Wnt signaling pathways
There are three known Wnt signaling pathways: the canonical (or Wnt/β-catenin) pathway, the noncanonical planar cell polarity (PCP) pathway, and the noncanonical Wnt/calcium pathway. Each pathway is characterized by a distinct set of molecular events and biological outcomes.
Canonical Wnt pathway
The canonical Wnt pathway involves the stabilization and accumulation of β-catenin in the cytoplasm, which then translocates to the nucleus and interacts with T-cell factor/lymphoid enhancer factor (TCF/LEF) transcription factors to regulate gene expression.
Noncanonical Wnt pathways
The noncanonical Wnt pathways do not involve β-catenin and are less well understood.
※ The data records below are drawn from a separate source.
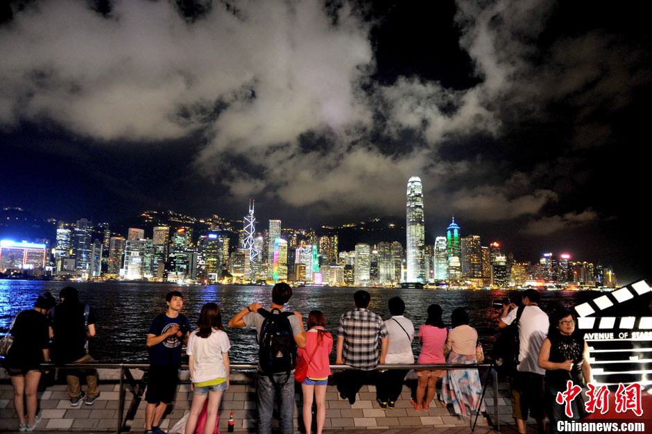 5月17日晚,大批游客在香港维多利亚港观看绚丽多彩的夜景。维多利亚港两岸的夜景与日本函馆和意大利那不勒斯并列世界三大夜景,由于香港岛和九龙半岛高楼大厦满布,入夜后万家灯火,相互辉映。王东明 摄
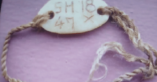 Biển nhỏ đeo tay làm bằng nhựa có dòng chữ “SH-18-47X” được tìm thấy cùng hài cốt liệt sĩ vào tháng 5-2025
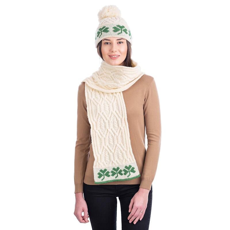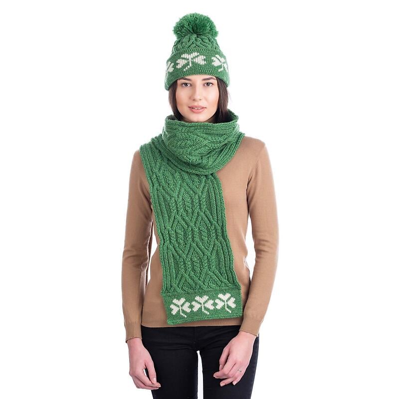 A fun and fashionable Irish ladies hat that is perfect for staying snug and looking great. With its traditional cable knit stitching and a halo of Shamrocks creates a look that is instantly Irish. A bobble on top adds a nice flair. A soft, comfortable feel is provided by its luxurious 100% merino wool composition, which keeps you warm, even on those days that remind you of Ireland's Wild Atlantic coast. Ideal for wear all year round, and the perfect accessory for your St. Patrick's Day outfit. Complete the look with either of our matching scarves code: CLSA10126 or CLSA101025
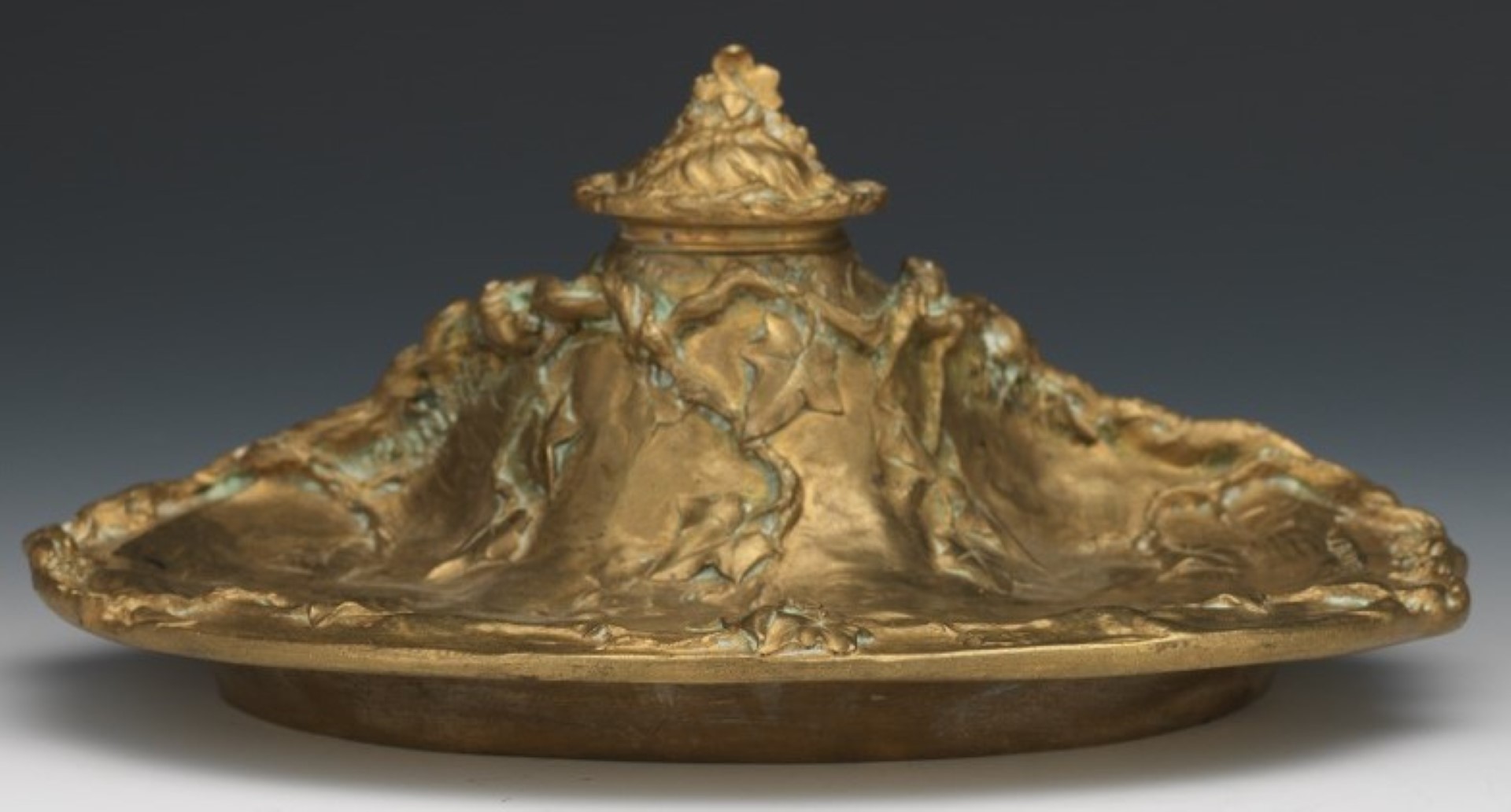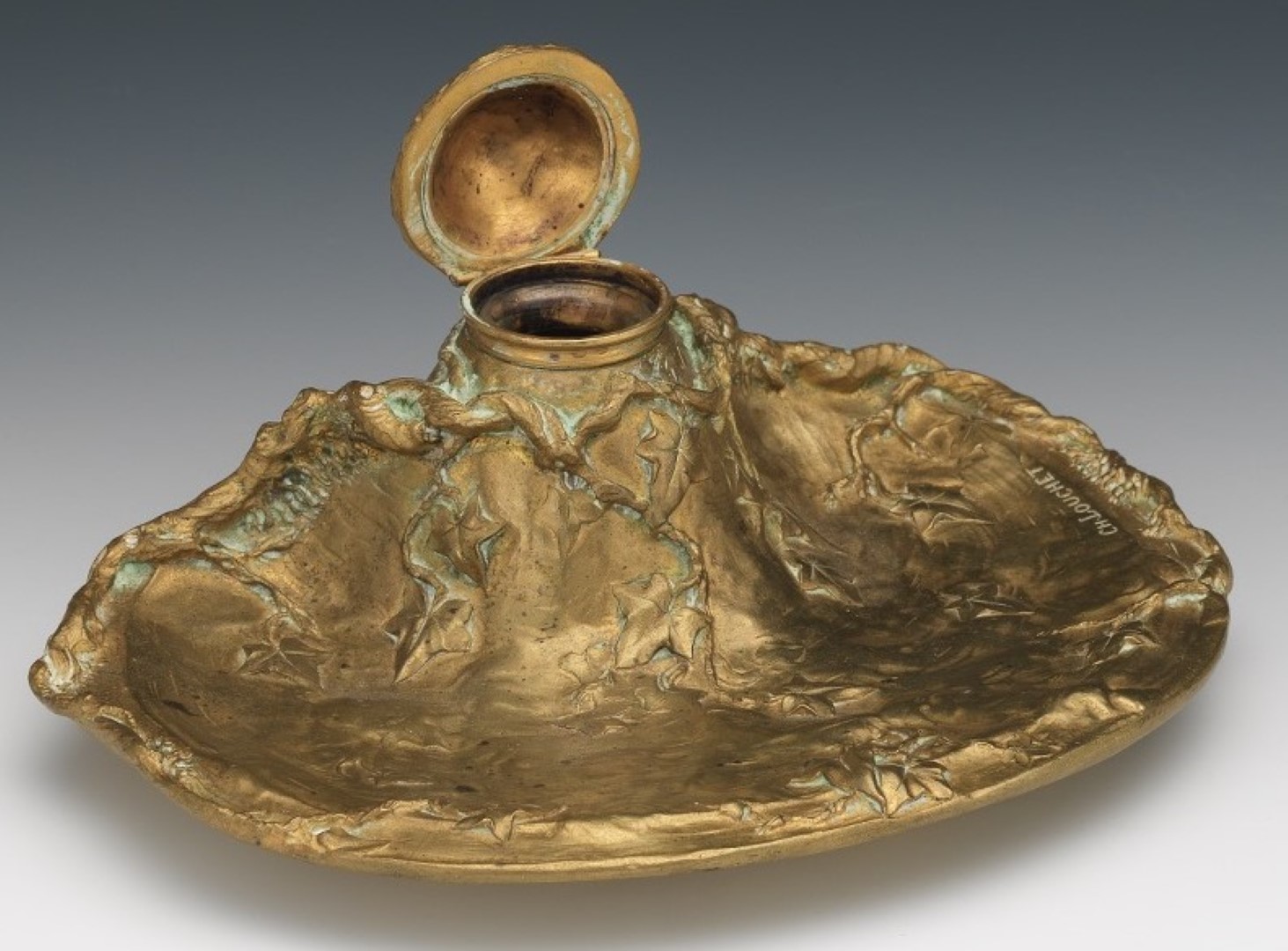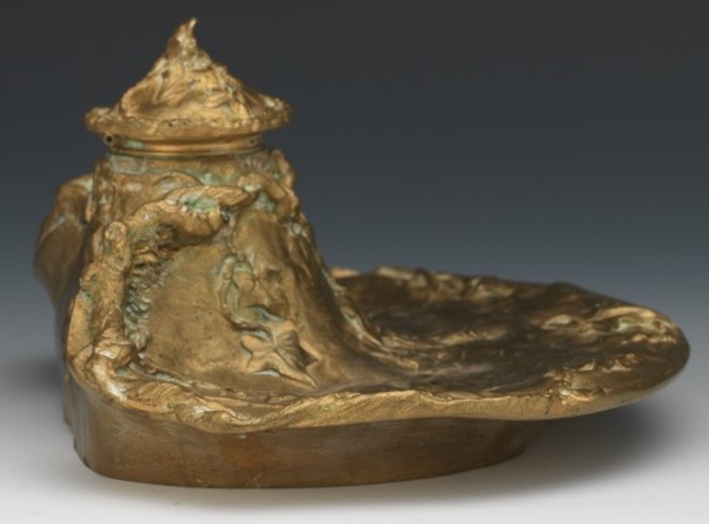 Gilt-bronze inkstand cast as an ivy-covered tree stump. Signed “CH. LOUCHET”. (Charles Louchet, 1854-1936, French)
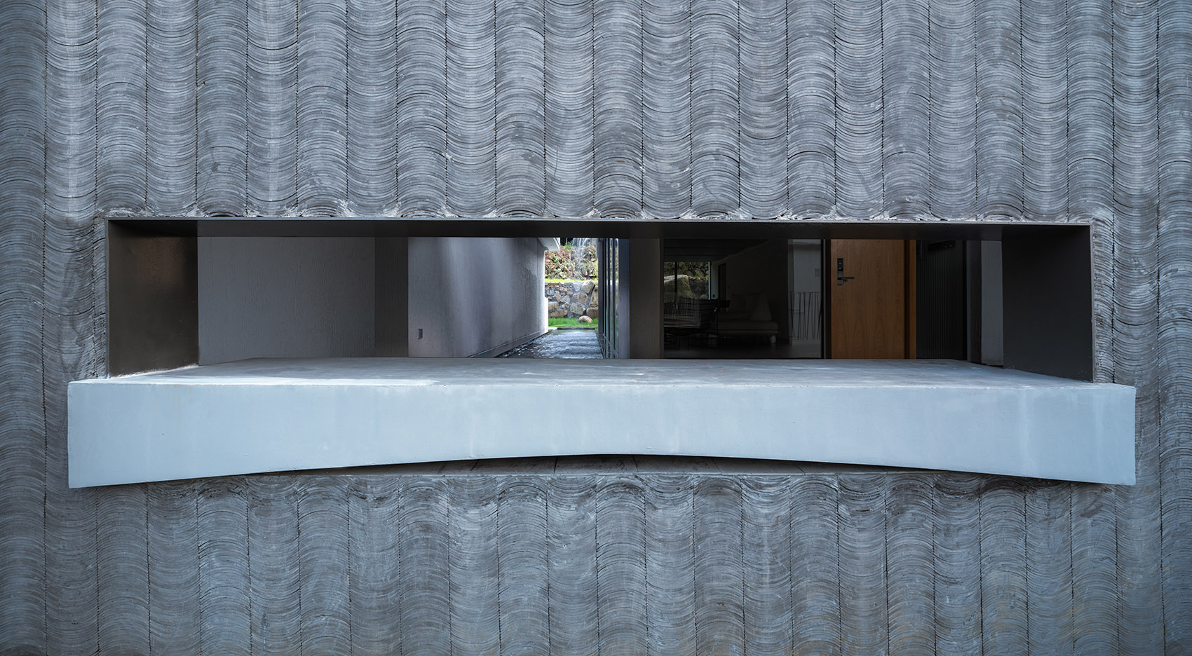 将屋顶高高举起,或从地面挺立或从墙边承托,水波形连续的屋顶是导水的容器,将原本均匀落下的雨滴汇聚成线性的水路。

The PCP pathway regulates the polarity of cells within a tissue, while the Wnt/calcium pathway regulates intracellular calcium levels and activates calcium-dependent intracellular signaling pathways.
Role in disease
Abnormal Wnt signaling has been implicated in a variety of diseases, including cancer, osteoporosis, and Alzheimer's disease. In cancer, mutations in the Wnt pathway can lead to uncontrolled cell proliferation and tumor formation. In osteoporosis, decreased Wnt signaling can lead to decreased bone formation and increased bone resorption. In Alzheimer's disease, abnormal Wnt signaling may contribute to the accumulation of amyloid plaques in the brain.